◆ EXERCISE GOAL ◆
Give the listing again word for word. Skip the pictures.

[[ GIVEN DATA, beginning ]]

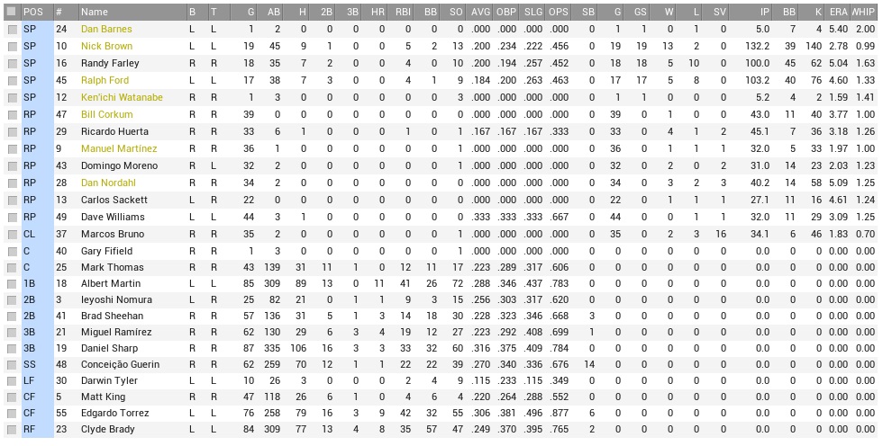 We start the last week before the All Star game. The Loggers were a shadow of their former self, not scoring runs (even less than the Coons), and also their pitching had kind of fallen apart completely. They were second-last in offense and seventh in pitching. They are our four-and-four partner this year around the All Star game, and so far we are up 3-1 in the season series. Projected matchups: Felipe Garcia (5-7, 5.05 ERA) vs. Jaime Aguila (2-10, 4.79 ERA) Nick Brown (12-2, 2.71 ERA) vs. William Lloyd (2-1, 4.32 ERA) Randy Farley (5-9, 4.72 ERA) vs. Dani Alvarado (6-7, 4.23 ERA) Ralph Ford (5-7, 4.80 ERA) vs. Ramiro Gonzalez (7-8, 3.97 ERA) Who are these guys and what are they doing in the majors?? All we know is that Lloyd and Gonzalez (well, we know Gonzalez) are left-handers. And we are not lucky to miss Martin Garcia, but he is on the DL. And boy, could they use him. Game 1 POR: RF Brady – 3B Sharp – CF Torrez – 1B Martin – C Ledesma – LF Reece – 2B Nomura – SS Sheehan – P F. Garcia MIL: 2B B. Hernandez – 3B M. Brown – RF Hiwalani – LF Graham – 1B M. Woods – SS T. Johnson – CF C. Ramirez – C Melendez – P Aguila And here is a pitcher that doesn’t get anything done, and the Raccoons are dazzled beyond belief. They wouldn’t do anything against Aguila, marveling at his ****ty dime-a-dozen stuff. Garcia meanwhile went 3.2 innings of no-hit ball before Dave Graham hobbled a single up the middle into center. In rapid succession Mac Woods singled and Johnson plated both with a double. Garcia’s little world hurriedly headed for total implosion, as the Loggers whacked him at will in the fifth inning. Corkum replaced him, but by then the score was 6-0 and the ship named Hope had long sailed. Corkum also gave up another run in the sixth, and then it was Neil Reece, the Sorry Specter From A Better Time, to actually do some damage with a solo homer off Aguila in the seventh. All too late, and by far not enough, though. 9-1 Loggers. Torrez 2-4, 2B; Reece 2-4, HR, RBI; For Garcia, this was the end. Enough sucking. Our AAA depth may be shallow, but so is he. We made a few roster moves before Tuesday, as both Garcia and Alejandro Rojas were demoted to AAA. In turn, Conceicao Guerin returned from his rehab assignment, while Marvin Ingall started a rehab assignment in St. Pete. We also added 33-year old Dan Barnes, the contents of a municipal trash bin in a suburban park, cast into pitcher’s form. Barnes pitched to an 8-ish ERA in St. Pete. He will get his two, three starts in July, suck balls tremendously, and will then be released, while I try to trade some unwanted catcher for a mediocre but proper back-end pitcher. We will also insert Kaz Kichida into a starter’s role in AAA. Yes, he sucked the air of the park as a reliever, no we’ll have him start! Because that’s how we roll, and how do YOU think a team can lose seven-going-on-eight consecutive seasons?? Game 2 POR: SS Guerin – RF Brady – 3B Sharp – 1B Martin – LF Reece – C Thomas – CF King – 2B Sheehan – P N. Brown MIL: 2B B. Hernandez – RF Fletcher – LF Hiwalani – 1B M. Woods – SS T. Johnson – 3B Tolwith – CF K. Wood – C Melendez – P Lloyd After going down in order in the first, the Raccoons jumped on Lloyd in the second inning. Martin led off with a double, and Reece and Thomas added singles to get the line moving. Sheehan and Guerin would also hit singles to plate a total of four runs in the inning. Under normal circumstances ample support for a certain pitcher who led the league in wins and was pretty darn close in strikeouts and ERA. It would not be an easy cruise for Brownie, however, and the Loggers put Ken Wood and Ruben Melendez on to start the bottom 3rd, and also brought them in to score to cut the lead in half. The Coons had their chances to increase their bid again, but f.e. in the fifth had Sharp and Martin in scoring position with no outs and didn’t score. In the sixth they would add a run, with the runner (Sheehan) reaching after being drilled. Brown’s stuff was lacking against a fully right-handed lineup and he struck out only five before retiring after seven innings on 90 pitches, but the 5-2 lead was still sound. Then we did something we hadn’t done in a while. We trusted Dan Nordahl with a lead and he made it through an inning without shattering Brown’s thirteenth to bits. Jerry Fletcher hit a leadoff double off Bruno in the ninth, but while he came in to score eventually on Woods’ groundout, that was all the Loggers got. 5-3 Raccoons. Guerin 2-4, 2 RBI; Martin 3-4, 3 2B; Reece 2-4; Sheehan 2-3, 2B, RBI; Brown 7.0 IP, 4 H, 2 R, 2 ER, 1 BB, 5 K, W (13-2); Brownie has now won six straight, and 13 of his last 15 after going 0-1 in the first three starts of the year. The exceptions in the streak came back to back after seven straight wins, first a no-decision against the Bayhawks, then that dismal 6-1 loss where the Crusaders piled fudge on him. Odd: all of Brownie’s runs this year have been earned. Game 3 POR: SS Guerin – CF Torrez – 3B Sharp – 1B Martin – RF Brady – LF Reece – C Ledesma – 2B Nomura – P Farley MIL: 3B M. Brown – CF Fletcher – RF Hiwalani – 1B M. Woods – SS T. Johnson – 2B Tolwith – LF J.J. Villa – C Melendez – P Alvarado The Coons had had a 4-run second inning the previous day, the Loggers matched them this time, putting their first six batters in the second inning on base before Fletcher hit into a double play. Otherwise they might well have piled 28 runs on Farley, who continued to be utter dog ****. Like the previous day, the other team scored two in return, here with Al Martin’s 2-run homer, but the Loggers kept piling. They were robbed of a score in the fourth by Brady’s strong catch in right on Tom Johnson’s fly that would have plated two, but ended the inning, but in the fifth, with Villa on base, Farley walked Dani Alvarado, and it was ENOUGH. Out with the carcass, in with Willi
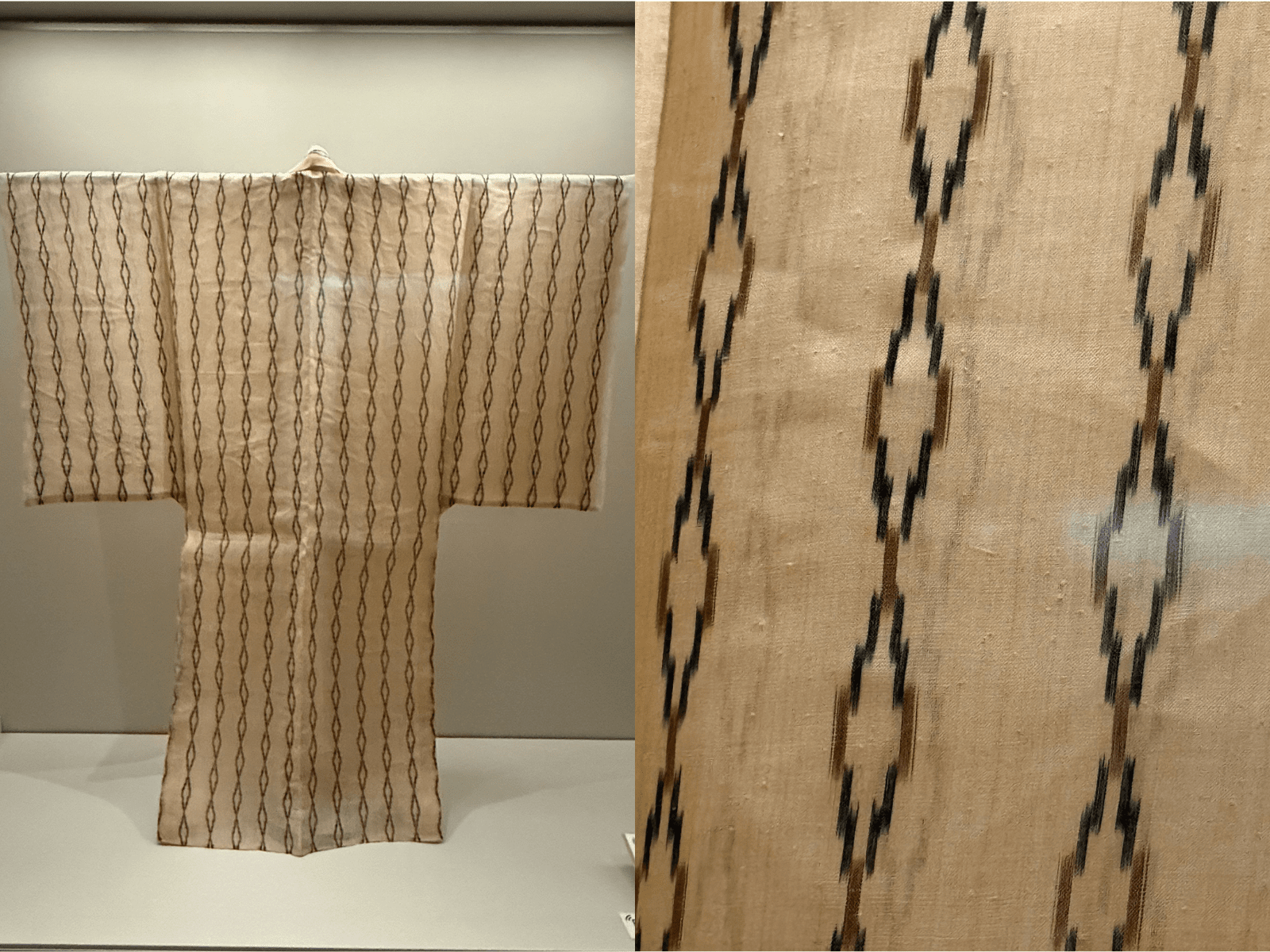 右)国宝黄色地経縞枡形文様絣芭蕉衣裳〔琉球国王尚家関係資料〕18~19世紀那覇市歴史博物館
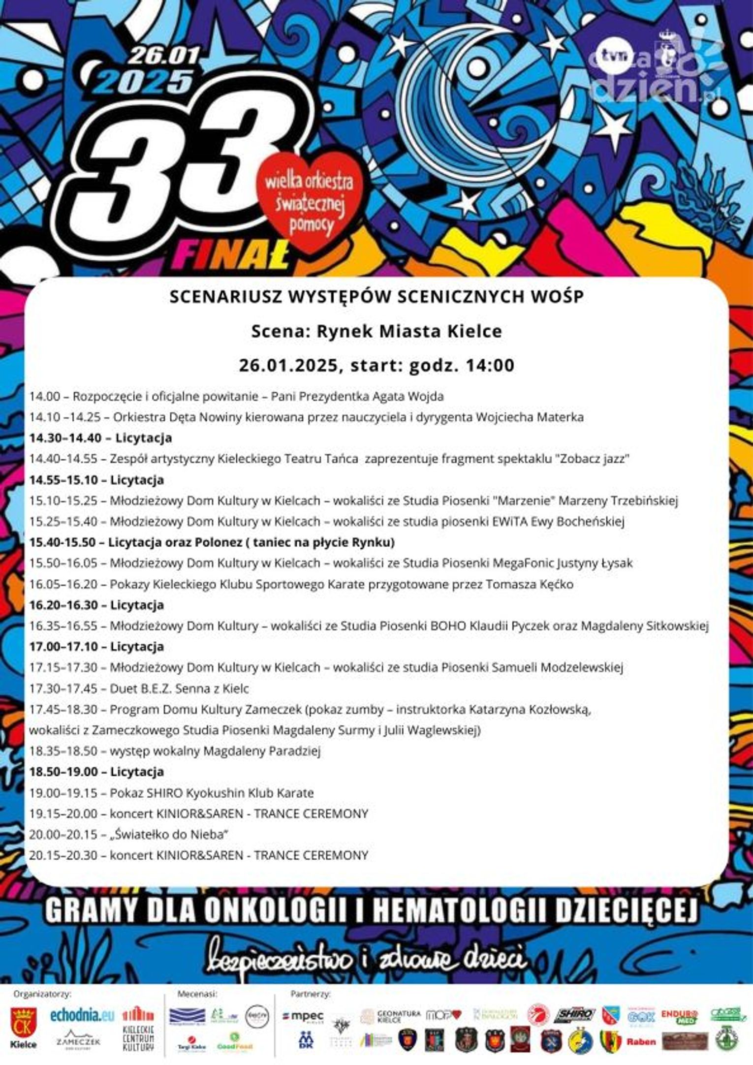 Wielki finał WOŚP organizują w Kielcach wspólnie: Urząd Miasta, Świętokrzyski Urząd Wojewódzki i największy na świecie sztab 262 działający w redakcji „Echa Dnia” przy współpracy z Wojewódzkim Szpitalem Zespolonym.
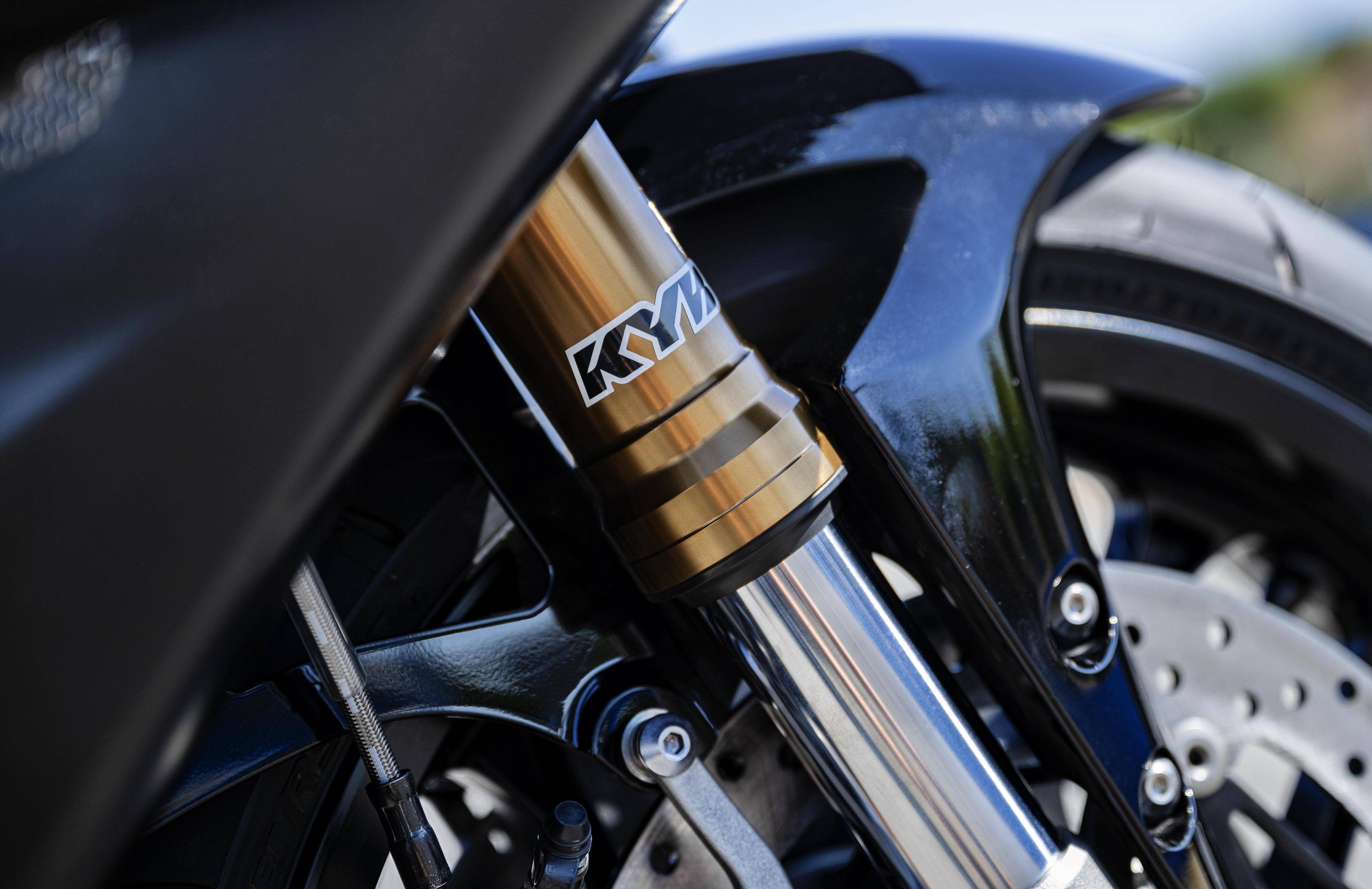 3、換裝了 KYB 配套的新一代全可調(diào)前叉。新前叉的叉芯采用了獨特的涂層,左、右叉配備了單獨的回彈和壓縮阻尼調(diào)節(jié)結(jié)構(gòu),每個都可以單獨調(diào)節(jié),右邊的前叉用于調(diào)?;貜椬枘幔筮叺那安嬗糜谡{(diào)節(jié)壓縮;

[[ GIVEN DATA, end ]]

◆ SOLVED PROBLEM ◆
 We start the last week before the All Star game. The Loggers were a shadow of their former self, not scoring runs (even less than the Coons), and also their pitching had kind of fallen apart completely. They were second-last in offense and seventh in pitching. They are our four-and-four partner this year around the All Star game, and so far we are up 3-1 in the season series. Projected matchups: Felipe Garcia (5-7, 5.05 ERA) vs. Jaime Aguila (2-10, 4.79 ERA) Nick Brown (12-2, 2.71 ERA) vs. William Lloyd (2-1, 4.32 ERA) Randy Farley (5-9, 4.72 ERA) vs. Dani Alvarado (6-7, 4.23 ERA) Ralph Ford (5-7, 4.80 ERA) vs. Ramiro Gonzalez (7-8, 3.97 ERA) Who are these guys and what are they doing in the majors?? All we know is that Lloyd and Gonzalez (well, we know Gonzalez) are left-handers. And we are not lucky to miss Martin Garcia, but he is on the DL. And boy, could they use him. Game 1 POR: RF Brady – 3B Sharp – CF Torrez – 1B Martin – C Ledesma – LF Reece – 2B Nomura – SS Sheehan – P F. Garcia MIL: 2B B. Hernandez – 3B M. Brown – RF Hiwalani – LF Graham – 1B M. Woods – SS T. Johnson – CF C. Ramirez – C Melendez – P Aguila And here is a pitcher that doesn’t get anything done, and the Raccoons are dazzled beyond belief. They wouldn’t do anything against Aguila, marveling at his ****ty dime-a-dozen stuff. Garcia meanwhile went 3.2 innings of no-hit ball before Dave Graham hobbled a single up the middle into center. In rapid succession Mac Woods singled and Johnson plated both with a double. Garcia’s little world hurriedly headed for total implosion, as the Loggers whacked him at will in the fifth inning. Corkum replaced him, but by then the score was 6-0 and the ship named Hope had long sailed. Corkum also gave up another run in the sixth, and then it was Neil Reece, the Sorry Specter From A Better Time, to actually do some damage with a solo homer off Aguila in the seventh. All too late, and by far not enough, though. 9-1 Loggers. Torrez 2-4, 2B; Reece 2-4, HR, RBI; For Garcia, this was the end. Enough sucking. Our AAA depth may be shallow, but so is he. We made a few roster moves before Tuesday, as both Garcia and Alejandro Rojas were demoted to AAA. In turn, Conceicao Guerin returned from his rehab assignment, while Marvin Ingall started a rehab assignment in St. Pete. We also added 33-year old Dan Barnes, the contents of a municipal trash bin in a suburban park, cast into pitcher’s form. Barnes pitched to an 8-ish ERA in St. Pete. He will get his two, three starts in July, suck balls tremendously, and will then be released, while I try to trade some unwanted catcher for a mediocre but proper back-end pitcher. We will also insert Kaz Kichida into a starter’s role in AAA. Yes, he sucked the air of the park as a reliever, no we’ll have him start! Because that’s how we roll, and how do YOU think a team can lose seven-going-on-eight consecutive seasons?? Game 2 POR: SS Guerin – RF Brady – 3B Sharp – 1B Martin – LF Reece – C Thomas – CF King – 2B Sheehan – P N. Brown MIL: 2B B. Hernandez – RF Fletcher – LF Hiwalani – 1B M. Woods – SS T. Johnson – 3B Tolwith – CF K. Wood – C Melendez – P Lloyd After going down in order in the first, the Raccoons jumped on Lloyd in the second inning. Martin led off with a double, and Reece and Thomas added singles to get the line moving. Sheehan and Guerin would also hit singles to plate a total of four runs in the inning. Under normal circumstances ample support for a certain pitcher who led the league in wins and was pretty darn close in strikeouts and ERA. It would not be an easy cruise for Brownie, however, and the Loggers put Ken Wood and Ruben Melendez on to start the bottom 3rd, and also brought them in to score to cut the lead in half. The Coons had their chances to increase their bid again, but f.e. in the fifth had Sharp and Martin in scoring position with no outs and didn’t score. In the sixth they would add a run, with the runner (Sheehan) reaching after being drilled. Brown’s stuff was lacking against a fully right-handed lineup and he struck out only five before retiring after seven innings on 90 pitches, but the 5-2 lead was still sound. Then we did something we hadn’t done in a while. We trusted Dan Nordahl with a lead and he made it through an inning without shattering Brown’s thirteenth to bits. Jerry Fletcher hit a leadoff double off Bruno in the ninth, but while he came in to score eventually on Woods’ groundout, that was all the Loggers got. 5-3 Raccoons. Guerin 2-4, 2 RBI; Martin 3-4, 3 2B; Reece 2-4; Sheehan 2-3, 2B, RBI; Brown 7.0 IP, 4 H, 2 R, 2 ER, 1 BB, 5 K, W (13-2); Brownie has now won six straight, and 13 of his last 15 after going 0-1 in the first three starts of the year. The exceptions in the streak came back to back after seven straight wins, first a no-decision against the Bayhawks, then that dismal 6-1 loss where the Crusaders piled fudge on him. Odd: all of Brownie’s runs this year have been earned. Game 3 POR: SS Guerin – CF Torrez – 3B Sharp – 1B Martin – RF Brady – LF Reece – C Ledesma – 2B Nomura – P Farley MIL: 3B M. Brown – CF Fletcher – RF Hiwalani – 1B M. Woods – SS T. Johnson – 2B Tolwith – LF J.J. Villa – C Melendez – P Alvarado The Coons had had a 4-run second inning the previous day, the Loggers matched them this time, putting their first six batters in the second inning on base before Fletcher hit into a double play. Otherwise they might well have piled 28 runs on Farley, who continued to be utter dog ****. Like the previous day, the other team scored two in return, here with Al Martin’s 2-run homer, but the Loggers kept piling. They were robbed of a score in the fourth by Brady’s strong catch in right on Tom Johnson’s fly that would have plated two, but ended the inning, but in the fifth, with Villa on base, Farley walked Dani Alvarado, and it was ENOUGH. Out with the carcass, in with Willi
 右)国宝黄色地経縞枡形文様絣芭蕉衣裳〔琉球国王尚家関係資料〕18~19世紀那覇市歴史博物館
 Wielki finał WOŚP organizują w Kielcach wspólnie: Urząd Miasta, Świętokrzyski Urząd Wojewódzki i największy na świecie sztab 262 działający w redakcji „Echa Dnia” przy współpracy z Wojewódzkim Szpitalem Zespolonym.
 3、換裝了 KYB 配套的新一代全可調(diào)前叉。新前叉的叉芯采用了獨特的涂層,左、右叉配備了單獨的回彈和壓縮阻尼調(diào)節(jié)結(jié)構(gòu),每個都可以單獨調(diào)節(jié),右邊的前叉用于調(diào)?;貜椬枘幔筮叺那安嬗糜谡{(diào)節(jié)壓縮;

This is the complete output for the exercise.